In this project you will design a feedback controller to stabilize an inverted pendulum. The basic steps are:
- system identification,
- controller design,
- implementation and verification.
The first and third steps require that you be able to program a microcontroller. All three steps, but particularly the second step, requires that you understand the course material.
This web page provides a description of the system and instructions to download a program. Read everything before the "Getting Started" section, but do not worry if you do not understand it all. You will probably have to re-read it several times.
One student in each group, probably the ME major, should read these sections. None of it is absolutely necessary to get the project to work. However, it describes the system, and that will make it easier to complete the project.
|The pendulum and controller are shown in the picture below. It is comprised of
The microcontroller is very inexpensive and has limited capability, as is realistic in industry where component costs are of significant importance.

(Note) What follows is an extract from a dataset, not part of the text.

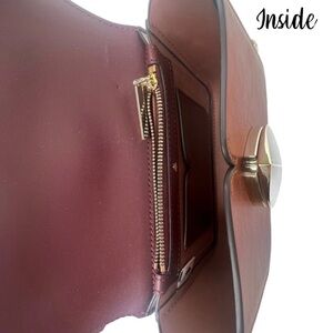This gorgeous Kate Spade Nicola convertible shoulder bag is a beautiful metallic silver and copper leopard print leather with spade heart twist lock. Maroon leather body & zipper, two slip card pockets inside plus slip pocket on back. Gold chain strap can be used as shoulder bag or crossbody. Beautiful italian leather details and spade logo. Great evening bag or just a stylish casual look. 6 1/2" W x 5"H x 3" D. 11 1/2" strap drop 21 1/2" crossbody. This bag is great quality and gorgeous, perfect for a night out!
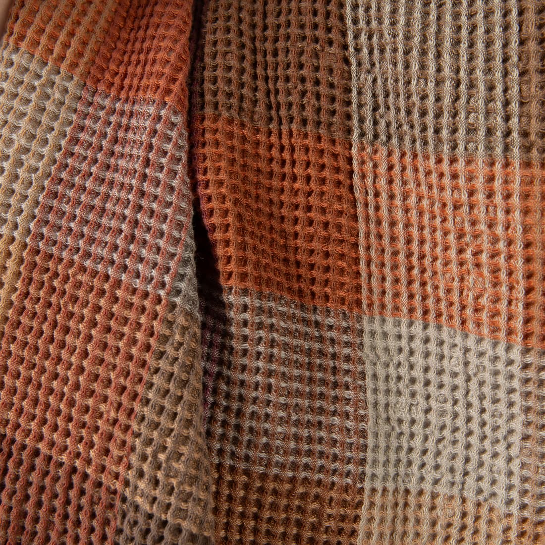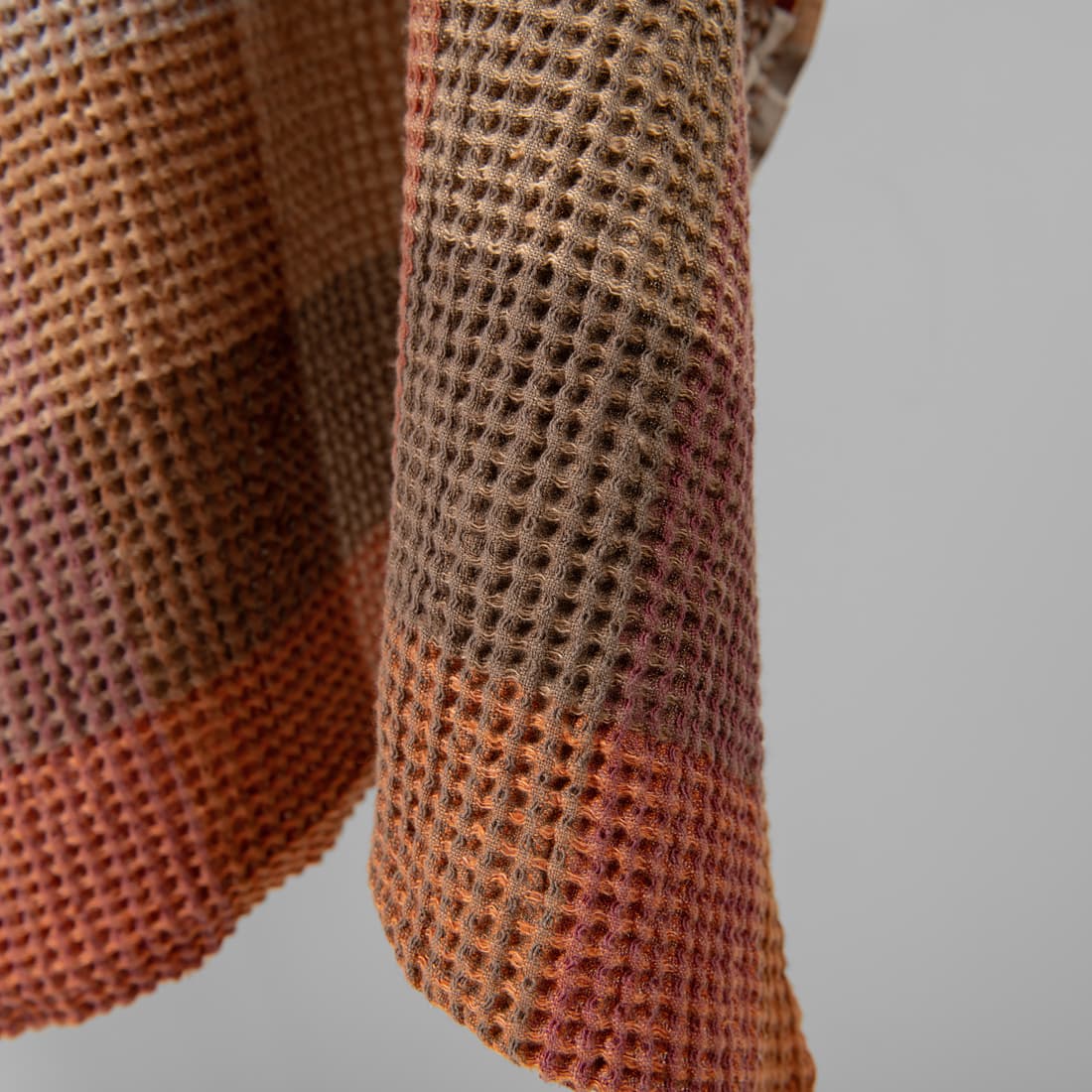 - Farge: vevd garn i granatrød, brunoransje og flere nyanser av brunt

The following elements are illustrated in the picture.
You will need to use one of the desktop computers in 212 or 213 Stinson-Remick. Those computers should have the following software installed:
There are 30 pendulum platforms and each group has been assigned to a specific one. They are stored in 214 S-R and must be returned to that room when you are finished.
All the software can be found in the start menu, except the compiler. To run that you need to open a command prompt (under Accessories) and type "m6811-elf-gcc". If it responds with "no input files" then it's installed. If it responds with "no recognized as an internal or external command" then it's not installed or is not in your path.
|There are two interrupts in the program. One is an output compare interrupt and the other is a pulse accumulator interrupt.
This section outlines the steps to write, compile, download and execute a program on the microcontroller. Until you have a controller designed that is supposed to stabilize the pendulum, make sure the pendulum is pointing down.
The file format that can be downloaded to the hc11 is called an "S-record" and has a filename that has a ".s19" suffex. Here is an example of an S-record that commands a square-wave torque to the pendulum with a period of approximately ten seconds. It is a text file, so it is something you can look at and open in an editor, but it is not really decipherable. Save this program on your computer.
The steps required to download the run this example square-wave program are as follows.
- The rest of these instructions assume you made a folder on the desktop of one of the computers in 212 or 213 Stinson-Remick.
- Save the S-record in the link above to that folder on the desktop. Your browser may try to save it as a text file. If that happens, just be sure to rename it to "StudentCode.s19". Also save the files msload9.bin and pms91.bat in the same directory as the S-record.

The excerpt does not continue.